The nb_black extension is already loaded. To reload it, use:
  %reload_ext nb_black


<IPython.core.display.Javascript object>

In [None]:
# export
import numpy as np
import gym

from copy import deepcopy
from gym import spaces
from gym.utils import seeding
from itertools import cycle

from truthiness.game import create_maze
from truthiness.game import shame_game
from truthiness.game import plain_game
from truthiness.game import available_moves
from truthiness.game import random_move

# Gym is annoying these days...
import warnings

warnings.filterwarnings("ignore")

<IPython.core.display.Javascript object>

# the base
First we define a `Base` game class.

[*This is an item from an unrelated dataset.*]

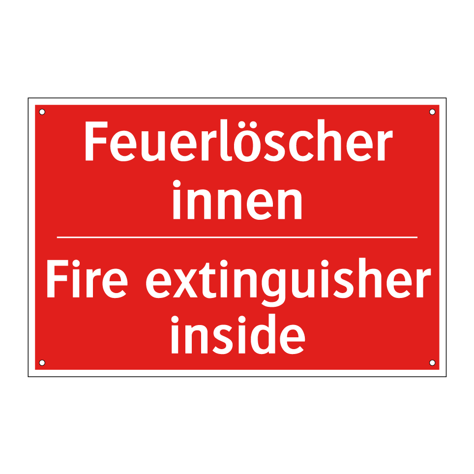 Zweisprachiges Brandschutzschild mit deutschem Text Feuerlöscher innen und englischem Text Fire extinguisher inside

It has methods that are common between all the games we will want to play. 

In [None]:
# export
class Base(gym.Env):
    def moves(self):
        """Return all available moves"""
        # Get all the moves then filter for moves that
        # have already been played
        candidates = available_moves(self.x, self.y, self.maze)

        available = []
        for a in candidates:
            if a not in self.move_history:
                available.append(a)

        return available

    def set_maze(self, maze):
        self.maze = maze

    def render(self, mode="human", close=False):
        pass

<IPython.core.display.Javascript object>

# the shame game env
The details of this game are described in the `game` file. This module exists only to put the games described there into a [gym](https://github.com/openai/gym) environment, and then do some simple testing.

In [None]:
# export
class ShameGame1(Base):
    """A one-sided game of learning and shame"""

    def __init__(self, n, maze=None, sigma=0.5, shame=0.5, max_steps=10, seed=None):
        self.n = n
        self.maze = maze
        self.max_steps = max_steps
        self.sigma = sigma
        self.shame = shame

        self.prng = np.random.RandomState(seed)
        self.reset()

    def step(self, move):
        if self.count > self.max_steps:
            raise ValueError(f"env exceeded max_steps ({self.count})")

        # Shuffle state, and generate returns
        x, y = move
        self.move_history.append(move)

        # Values are only found once
        reward = deepcopy((self.E[x, y], self.Q[x, y]))
        self.E[x, y] = 0
        self.Q[x, y] = 0
        self.x, self.y = x, y
        state = (self.y, self.x, self.E, self.Q)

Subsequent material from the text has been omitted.